Since 2008, Congress has been filling the yawning HTF gap by providing $54 billion from general revenues. But makeshift solutions have become more contentious and harder to find, culminating in this year’s gimmick-ridden ten-month patch. The CBO recently estimated that the HTF gap will widen to $172 billion over the next decade.
An increase in the federal gasoline tax, with a built-in inflation adjustment, would be the easiest and most effective way to increase revenues for federally funded investment in transport infrastructure. Even Thomas Donohue, President of the anti-tax US Chamber of Commerce, calls an increase in the gas tax the simplest and most straightforward way to finance a long-term highway transportation bill. In a recent survey, more than half of the respondents expressed a willingness to pay more for gasoline to finance improvements in roads, bridges, and mass transit.
The CBO estimates that an increase of ten cents a gallon would be required in 2015 simply to offset the last 16 years of inflation and fuel-efficiency gains and to maintain current (inadequate) funding levels. A considerably larger hike would be needed to prevent the underinvestment predicted by the ACSE.
But, with a mid-term congressional election in November, there is strong opposition to such an increase, both in Congress and President Barack Obama’s administration. That is entirely understandable. I was Chair of the Council of Economic Advisers in 1994, when President Bill Clinton successfully championed the last gas-tax increase, of just 4.3 cents per gallon. Some of his “politically naive” economic advisers, including me, advocated a much larger increase, phased in gradually over five years, on both fiscal and environmental grounds.
Clinton’s Republican opponents characterized the increase as the “largest ever increase in taxes on the middle class.” That misleading claim contributed to the Democrats’ deep mid-term election losses that year.

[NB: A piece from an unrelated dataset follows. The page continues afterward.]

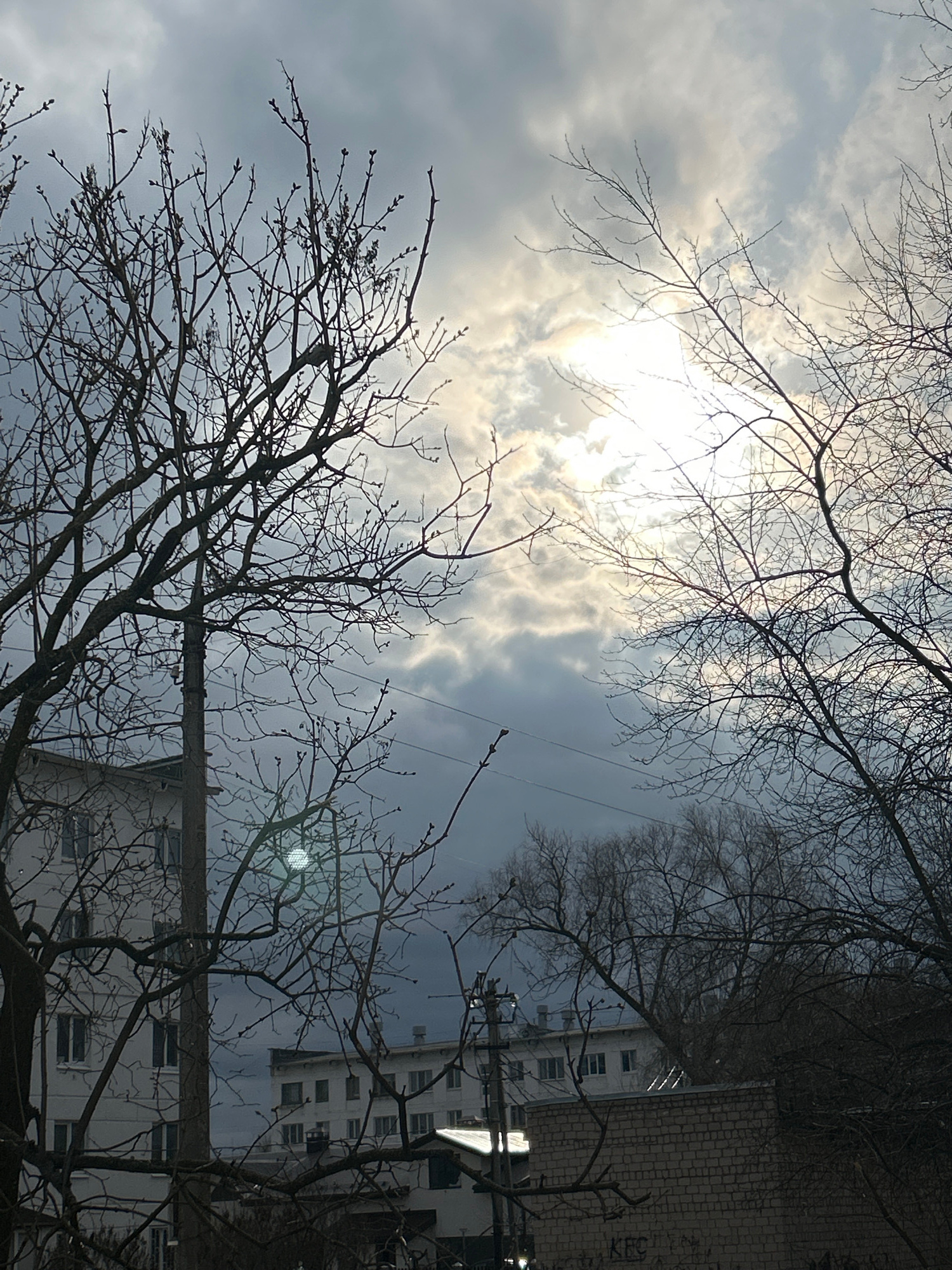 The image depicts a low-angle view of bare tree branches against a cloudy sky with the sun obscured by clouds. Buildings are visible in the background on the right side. A utility pole and wires are a…read more

In lieu of raising the gas tax, Obama has proposed a four-year $302 billion plan to close the existing HTF funding gap, and boost HTF spending by $20 billion a year above current levels. His plan, which relies on using transitional corporate tax revenues raised in conjunction with corporate tax reform, has virtually no chance of becoming law this year. Nor does his oft-repeated proposal for a federal infrastructure bank to attract more private funds for infrastructure projects.
Confronted with implacable Republican opposition, Obama is relying on what the administration calls a “pen and phone” strategy – combining the bully pulpit and executive orders – to move forward on several fronts, including infrastructure. At the urging of his 2011-2012 Council on Jobs and Competitiveness, he signed several executive orders to modernize and expedite the interagency review-and-permitting processes for high-priority federal infrastructure projects.
Moreover, Obama recently announced the creation of the Build America Transportation Investment Center to provide technical assistance to state and local officials seeking private-sector partners to support transport infrastructure. With similar offices, Canada and the United Kingdom have far surpassed the US in attracting private capital for such projects.
A pen-and-phone strategy may be the only way to make any progress on addressing America’s infrastructure needs in a mid-term election year. But Obama alone does not have the power to stanch the HTF’s bleeding or to reverse years of underinvestment. That will require congressional action and additional revenues.
Laura Tyson, a former chair of the US President’s Council of Economic Advisers, is a professor at the Haas School of Business at the University of California, Berkeley.